_What you should do_: Pictures stay out of the copy. Transcribe exactly the lines from the line with "金色絵 座布団入桐箱有 江戸中期[7105rp]" through the final line of the records.

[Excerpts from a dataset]
*** Begin section ***
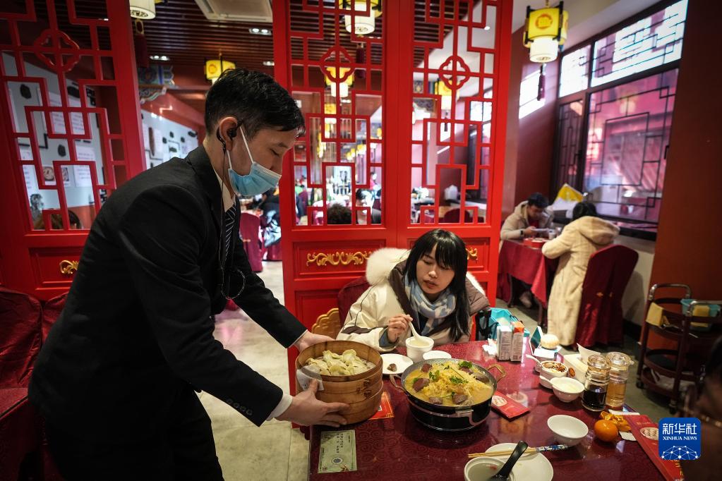 1月26日,食客在沈陽(yáng)老邊餃子館品嘗餃子。
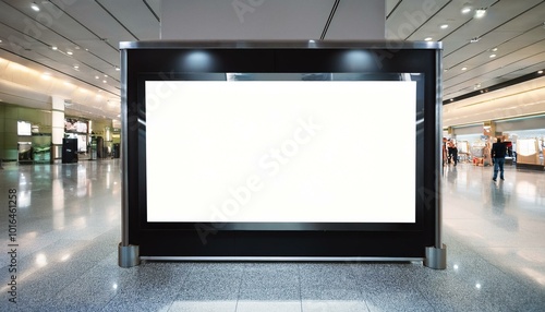Digital media blank black and white screen modern panel signboard for advertisement design in shopping centre gallery, mock-up with blurred background, digital kiosk
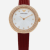 Emporio Armani Ladies Watch Burgundy Leather Quartz Crystal White Dial AR11417
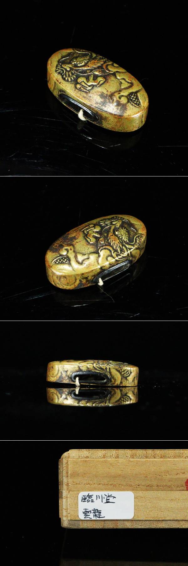 > 【ASAHI】臨川堂光昌在銘(充昌同人) 縁頭「雲龍図」銅地高肉象嵌 金色絵 座布団入桐箱有 江戸中期[7105rp]
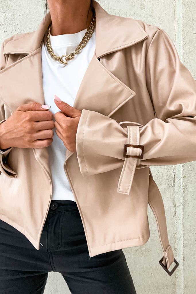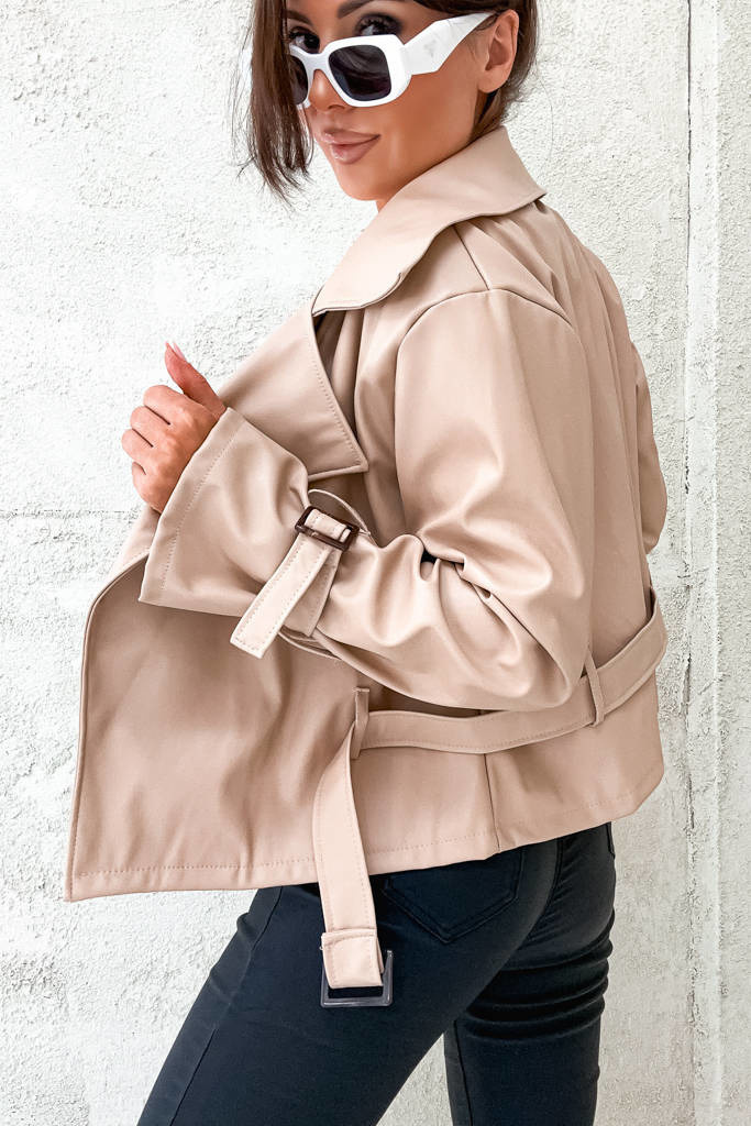 KRÓTKI TRENCZ RAMONESKA Z IMITACJI SKÓRY- BEŻOWY
*** End section ***
_Final answer_:
 > 【ASAHI】臨川堂光昌在銘(充昌同人) 縁頭「雲龍図」銅地高肉象嵌 金色絵 座布団入桐箱有 江戸中期[7105rp]
 KRÓTKI TRENCZ RAMONESKA Z IMITACJI SKÓRY- BEŻOWY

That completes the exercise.